◆ **Source material**:
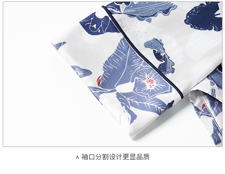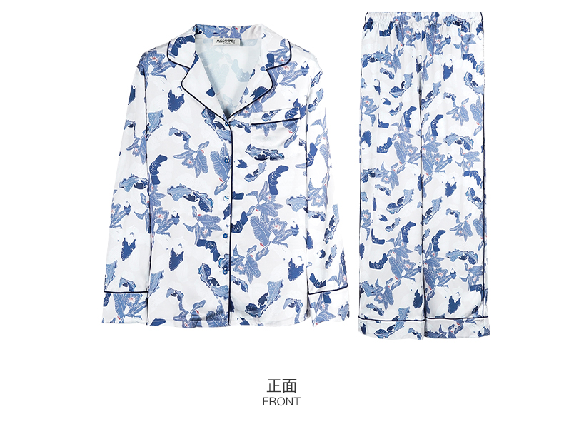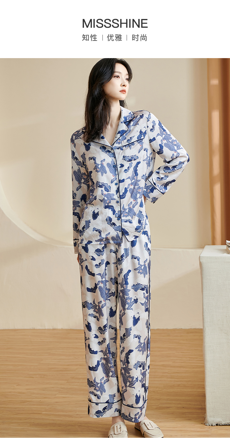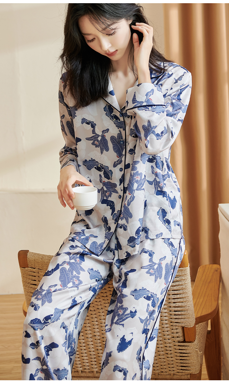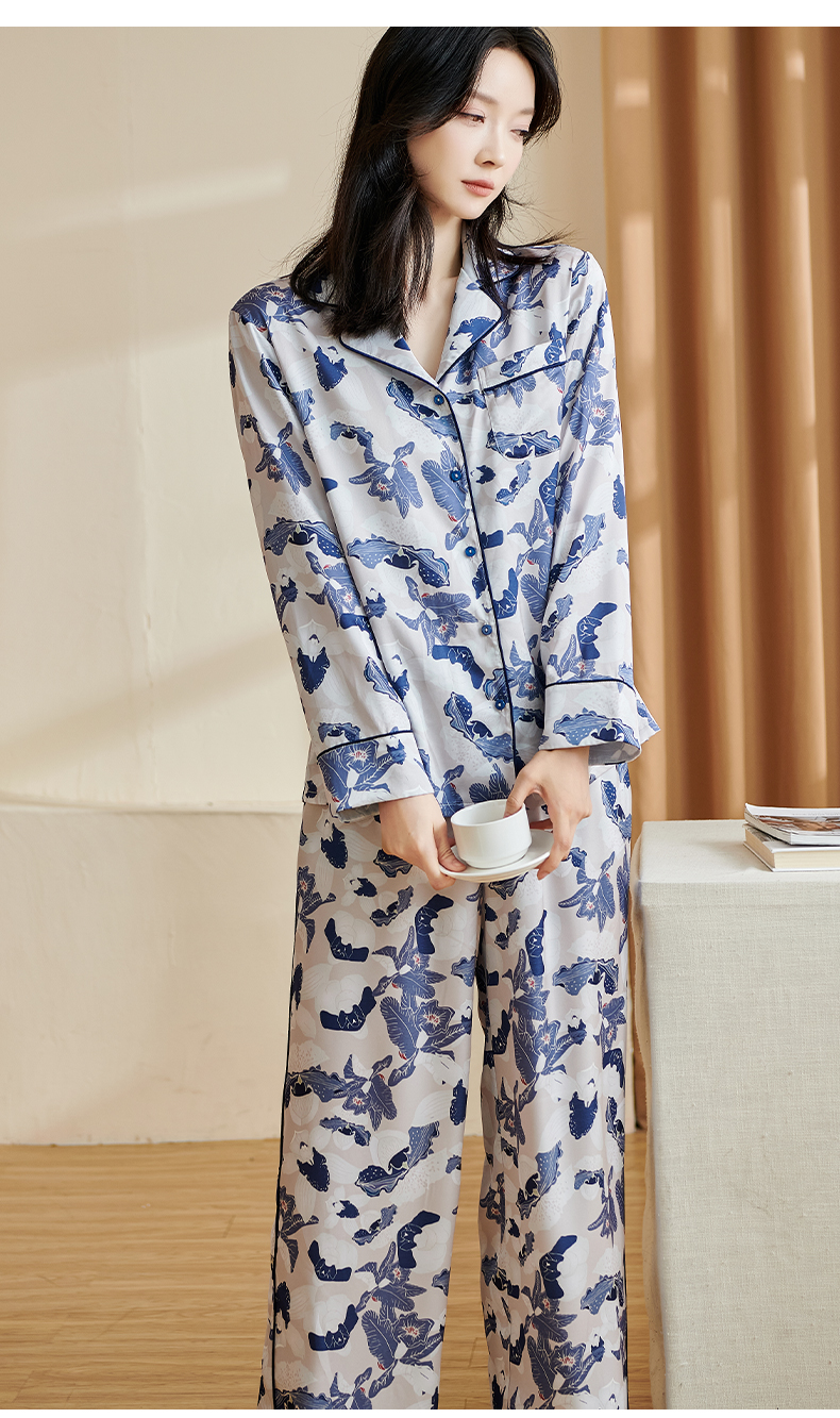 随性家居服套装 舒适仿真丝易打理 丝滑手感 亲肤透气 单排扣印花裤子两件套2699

* * *

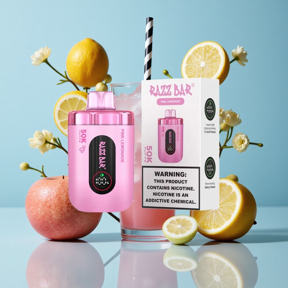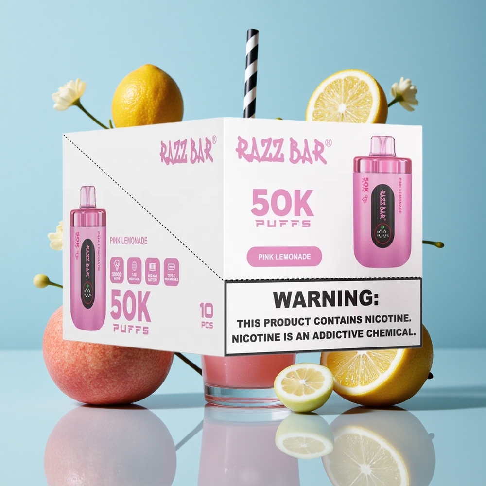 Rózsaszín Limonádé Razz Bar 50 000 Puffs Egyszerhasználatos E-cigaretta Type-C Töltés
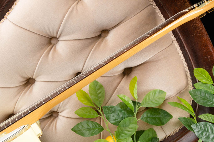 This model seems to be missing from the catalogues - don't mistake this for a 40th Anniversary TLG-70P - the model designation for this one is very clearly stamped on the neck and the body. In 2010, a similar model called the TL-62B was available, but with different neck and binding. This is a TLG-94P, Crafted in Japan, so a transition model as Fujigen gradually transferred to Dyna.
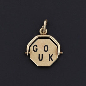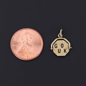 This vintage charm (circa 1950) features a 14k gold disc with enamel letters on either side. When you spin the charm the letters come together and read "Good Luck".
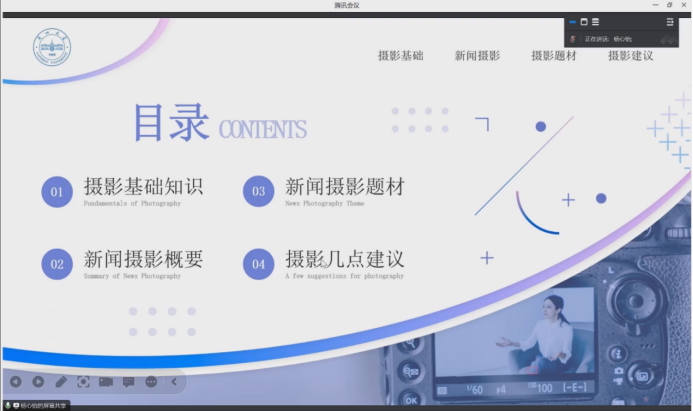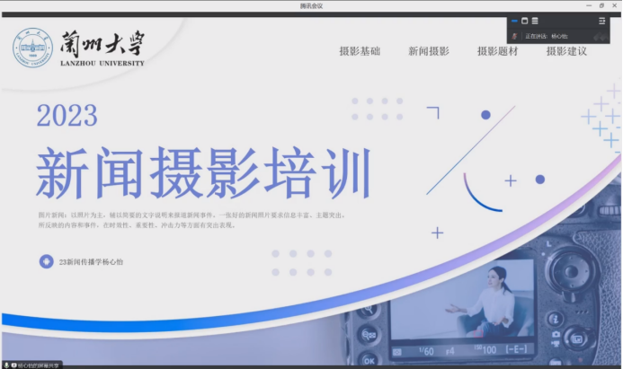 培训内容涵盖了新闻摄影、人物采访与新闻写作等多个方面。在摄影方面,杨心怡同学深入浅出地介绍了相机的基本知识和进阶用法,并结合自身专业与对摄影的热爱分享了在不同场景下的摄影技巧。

◆ **Directions for this task**:
When you reach the line with "This vintage charm" in the records above, start writing out each line exactly, and stop after the line with "培训内容涵盖了新闻摄影、人物". Pictures stay out.

◆ **Worked solution**:
 This vintage charm (circa 1950) features a 14k gold disc with enamel letters on either side. When you spin the charm the letters come together and read "Good Luck".
 培训内容涵盖了新闻摄影、人物采访与新闻写作等多个方面。在摄影方面,杨心怡同学深入浅出地介绍了相机的基本知识和进阶用法,并结合自身专业与对摄影的热爱分享了在不同场景下的摄影技巧。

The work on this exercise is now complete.